1. Background
Micropenis refers to a condition that the stretched penile length less than 2.5 standard deviation (SD) below the mean size of the related age, which is structurally normal. Its incidence is about 1.5 per 10000 children. Differential diagnosis of true micropenis includes: buried penis, trapped penis, webbed penis and penis with marked chordee (1).
Sexual differential begins in the 7th week of gestation. In the 15th week, the hypothalamic-pituitary-gonadal axis is activated and androgen secretion occurs. In fetal period, a peak level of androgen occurs in 14th - 16th weeks and after birth, testosterone rises from birth to 1 - 3 months, and then declines to prepubertal level by 4 - 6 months. That’s why the highest growth of penis occurs up to three months after birth. In addition, the development of male identity is due to the effect of testosterone on the central nervous system during fetal and early infancy (2). Micropenis may occur in association with hormonal disturbances or as an isolated disease. The most common hormonal disturbances include: hypogonadotropic hypogonadism, androgen insensitivity, testosterone, 5-alfa reductase and growth hormone deficiency (3).

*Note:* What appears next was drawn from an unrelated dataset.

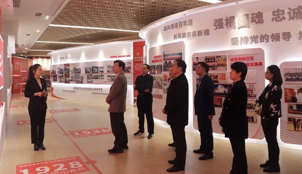 第二站,調(diào)研組一行來到了集團(tuán)都市開發(fā)黨支部主辦的“紅色印記展”。都市開發(fā)黨支部書記、董事長索虎現(xiàn)場匯報了支部黨史學(xué)習(xí)教育開展的亮點,并著重介紹了此次“紅色印記展”的基本情況。參觀后,市委黨史辦、市國資委黨史辦領(lǐng)導(dǎo)對“紅色印記展”給予高度認(rèn)可,對都市開發(fā)黨支部黨史學(xué)習(xí)教育所取得的階段性成效給予了充分肯定,并希望黨支部繼續(xù)創(chuàng)新黨史學(xué)習(xí)教育形式,不斷打造黨史學(xué)習(xí)教育新亮點。
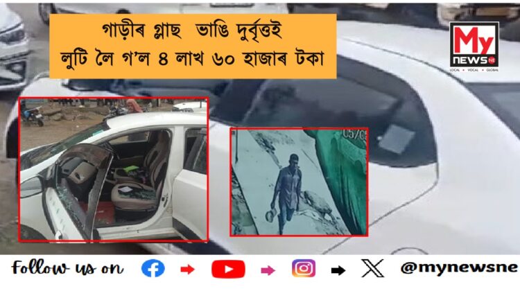 মঙলবাৰে ধেমাজি সদৰ আৰক্ষী থানাৰ পৰা মাত্ৰ পাচঁশ মিটাৰ দূৰত্বত অৱস্থিত ধেমাজি চাৰিআলিস্থিত জিলা পশু চিকিৎসা বিষয়াৰ কাৰ্যালয়ৰ সন্মুখৰ পৰা গাড়ীৰ গ্লাছ ভাঙি কোনো দুৰ্বৃত্তই লুটি লৈ গ’ল ৪ লাখ ৬০ হাজাৰ টকা ৷

Sometimes obese boys are examined for small penis because of parents’ concerns. The penis size is mostly normal and this is because of an increase in pubic fat mass, which conceals the penis. Therefore, precise measure of penis length can differentiate micropenis from these cases. Furthermore, deferment in small penis diagnosis may delay treatment and cause anxiety of parents. Most issue of parents and their children include poor body image and concern about inappropriate sex relationship. Thus survey of penile size is important and decisive for family and physicians (4, 5). Today, 35.1 percent of children suffer from obesity (6). According to this issue, study about relation of micropenis with anthropometric measures and hormones is quite obvious. The results of previous researches have been different and this is shown the significance of further investigations to attain precise and conclusive results.
2. Objectives
The purpose of this study was to assay the relationship between anthropometric measures, testosterone, estradiol, testosterone/estradiol ratio (T/E ratio), gonadotropins and Prolactin with stretched and non-stretched (flaccid) penile length in healthy pre-pubertal boys with true small penis to get proper and helpful results for this problem, which worries both physicians and parents.
3. Methods
3.1. Study Design
This was prospective cross-sectional observational study. Sampling method was simple convenience.
3.2. Setting
We assessed the boys at Imam Reza Hospital, Tehran, Iran from February 2015 to May 2020.
3.3. Study Populations
In our survey, 1798 pre-pubertal boys who referred with possible small penis underwent evaluation including stretched penile length (SPL) and flaccid glans-pubis length (GPL). Inclusion criteria were healthy children, age 7 - 14 years with true small penis (less than 2.5 standard deviation of the mean size of related age) (3) without bending, torsion, and scare of penis-surgery. Exclusion criteria were sever and persistent diseases, renal failure, endocrine illness such as adrenal, growth and thyroidal hormones insufficiency and defect, buried and trapped penis, undescending (UDT) and atrophic testis, hypospadiasis and past history of corticosteroid therapy, radiotherapy, chemotherapy. Patients were examined by a pediatric and urology specialist and after the true small penis was proven, they would be entered in the research. Of the 1,798 children with probably small penis, only 261 had true micropenis. Twenty-five children left the research because of reluctance to continue. Finally, 236 boys completed the research and blood sampling and anthropometric measurements were done.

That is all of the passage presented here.